## ABOUT THIS TASK
The listing below contains a span that opens with the line containing "És una herba" and closes with the line containing "今日优等品正丁醇终端零售价7-7.3元/公斤,出厂价5400元/吨。". Return that span exactly.

## SUPPLIED INFORMATION
——————

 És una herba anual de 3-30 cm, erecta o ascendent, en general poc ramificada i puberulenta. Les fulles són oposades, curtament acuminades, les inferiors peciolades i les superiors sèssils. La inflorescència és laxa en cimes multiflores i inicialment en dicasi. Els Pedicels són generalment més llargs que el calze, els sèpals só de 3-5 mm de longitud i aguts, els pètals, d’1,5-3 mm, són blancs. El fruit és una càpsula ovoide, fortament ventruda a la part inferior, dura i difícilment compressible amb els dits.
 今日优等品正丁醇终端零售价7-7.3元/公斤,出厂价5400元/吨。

——————

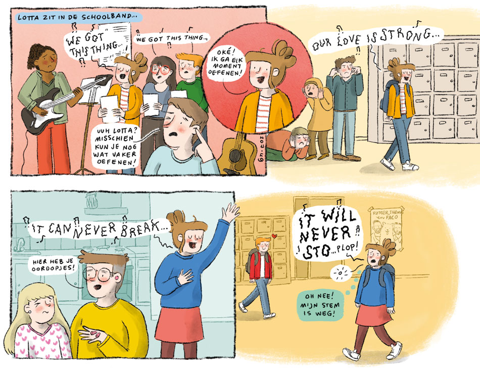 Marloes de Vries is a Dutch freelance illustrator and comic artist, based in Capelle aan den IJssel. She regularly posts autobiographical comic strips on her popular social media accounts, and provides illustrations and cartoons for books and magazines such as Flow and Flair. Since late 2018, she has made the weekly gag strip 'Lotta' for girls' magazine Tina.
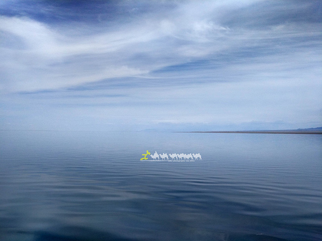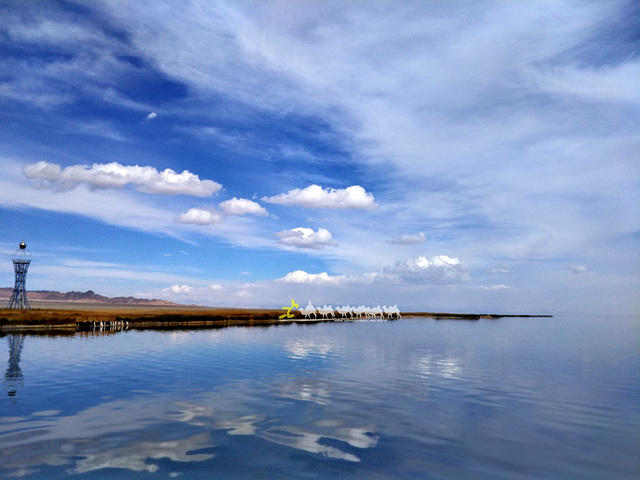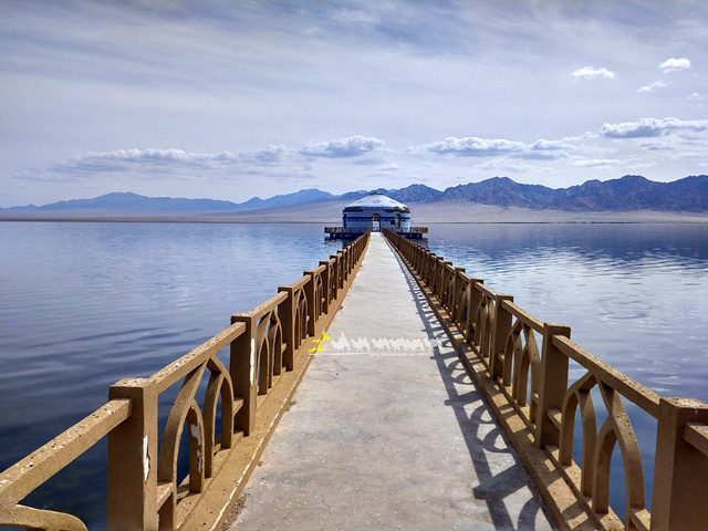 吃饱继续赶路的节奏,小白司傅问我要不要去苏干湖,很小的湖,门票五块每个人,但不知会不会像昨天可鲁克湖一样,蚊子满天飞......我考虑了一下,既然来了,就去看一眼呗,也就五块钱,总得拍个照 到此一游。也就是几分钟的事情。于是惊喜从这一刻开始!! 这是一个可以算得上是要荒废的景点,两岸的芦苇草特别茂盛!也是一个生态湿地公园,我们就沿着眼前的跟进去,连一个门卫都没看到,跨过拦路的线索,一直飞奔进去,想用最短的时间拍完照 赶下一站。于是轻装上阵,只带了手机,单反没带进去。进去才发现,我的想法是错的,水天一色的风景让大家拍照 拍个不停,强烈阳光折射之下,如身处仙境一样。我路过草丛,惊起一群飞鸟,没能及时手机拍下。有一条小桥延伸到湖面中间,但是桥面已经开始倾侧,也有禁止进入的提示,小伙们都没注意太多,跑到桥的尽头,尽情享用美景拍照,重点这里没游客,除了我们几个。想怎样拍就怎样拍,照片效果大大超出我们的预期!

——————

## YOUR SOLUTION
 És una herba anual de 3-30 cm, erecta o ascendent, en general poc ramificada i puberulenta. Les fulles són oposades, curtament acuminades, les inferiors peciolades i les superiors sèssils. La inflorescència és laxa en cimes multiflores i inicialment en dicasi. Els Pedicels són generalment més llargs que el calze, els sèpals só de 3-5 mm de longitud i aguts, els pètals, d’1,5-3 mm, són blancs. El fruit és una càpsula ovoide, fortament ventruda a la part inferior, dura i difícilment compressible amb els dits.
 今日优等品正丁醇终端零售价7-7.3元/公斤,出厂价5400元/吨。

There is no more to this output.